Constand also admitted that, for more than an hour after first disclosing the incident to her mother, she had surfed the Internet looking for civil lawyers and, in fact, contacted two in the Philadelphia area.
Perhaps most importantly, Constand was forced to admit that she had been untruthful with Canadian investigators, one of who was her brother-in-law who also testified on Tuesday, June 6.
Agrusa tore through the police report filed by Canadian authorities, showing that there were stark differences in when and how Constand said she first met Cosby, including Constand first telling investigators in 2005 that she had known Cosby for only six months, despite having met and developed a close friendship with him in the fall of 2002.
Constand also told Canadian authorities that her contact with Cosby after the alleged January 2004 assault was rare and brief.
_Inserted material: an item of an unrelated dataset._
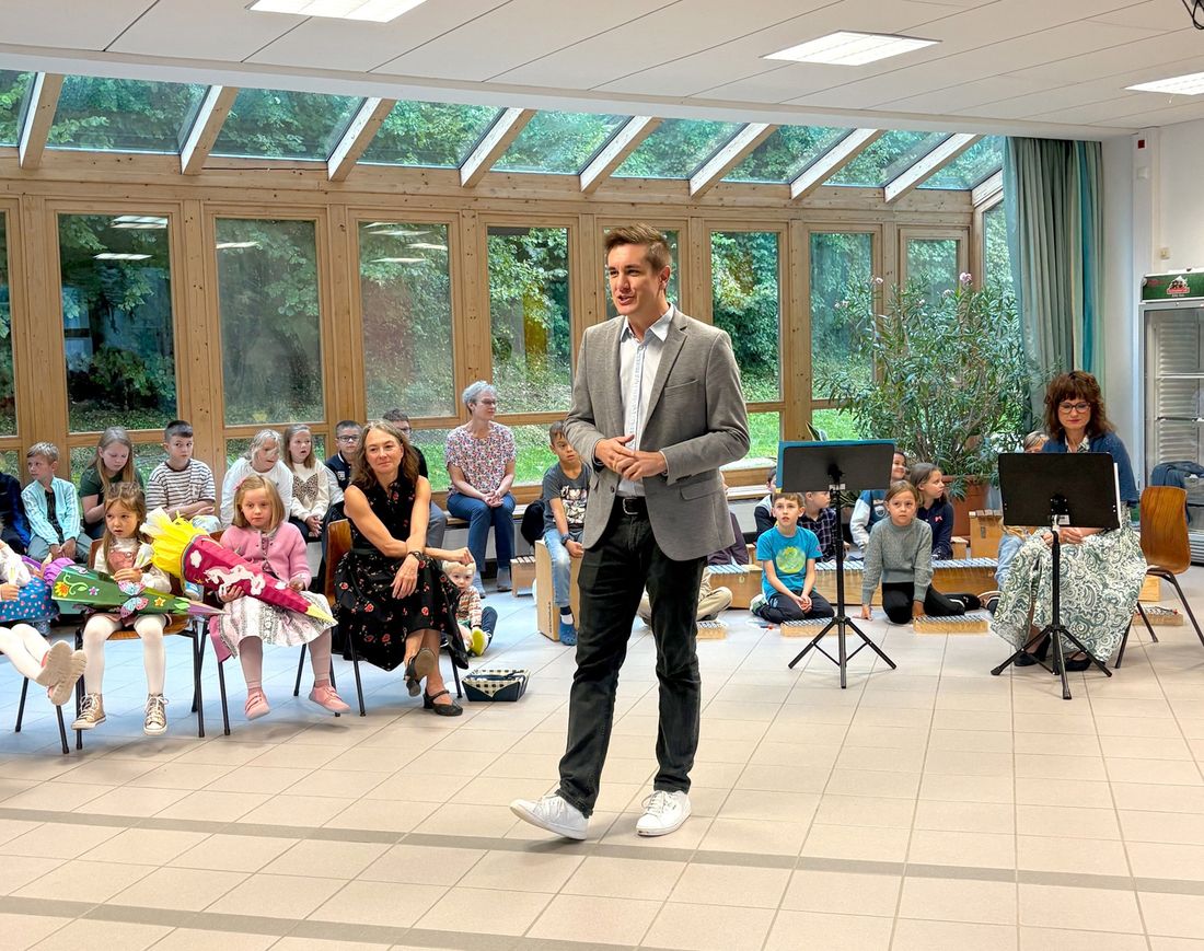 Im Anschluss richtete Bürgermeister Justus Pfeifer motivierende Worte an die neuen Schülerinnen und Schüler: „Der Schulstart ist jedes Jahr ein ganz besonderer Moment: voller Neugier, neuer Wege, Freunde und spannender Begegnungen. Ich wünsche allen Schülerinnen und Schülern einen erfolgreichen Start ins neue Schuljahr!“ Darüber hinaus wandte er sich auch an die Eltern: „Unterstützen Sie Ihre Kinder liebevoll und begleiten Sie sie auf ihrem Weg – damit sie einen guten Start ins Schulleben haben und die Schule als einen Ort voller Freude und Erfolg erleben.“

Agrusa then showed jurors phone records that revealed Constand had been in almost regular contact with Cosby.
Also, Constand had told police that she had never been alone with Cosby before the alleged incident, a point Agrusa hit on repeatedly in her cross-examination.
“In fact, you had been alone with Mr. Cosby,” Agrusa said, to which Constand said the attorney was correct.
Earlier in her testimony, Constand described what seemed to be a classic courtship with the married Cosby. She said they’d get together and talk about her life and her career and she even sought him out to talk about her decision to quit as head of basketball operations for the Temple University women’s basketball team.
“I think Mr. Cosby just generally wanted to get to know me,” Constand said, noting that, over time, the questions got more personal, but that the interactions didn’t raise any alarms, even though Cosby had made two previous attempts to have sex with her.
“That’s not what I came here for,” she said in describing one incident in which she rebuffed his advances.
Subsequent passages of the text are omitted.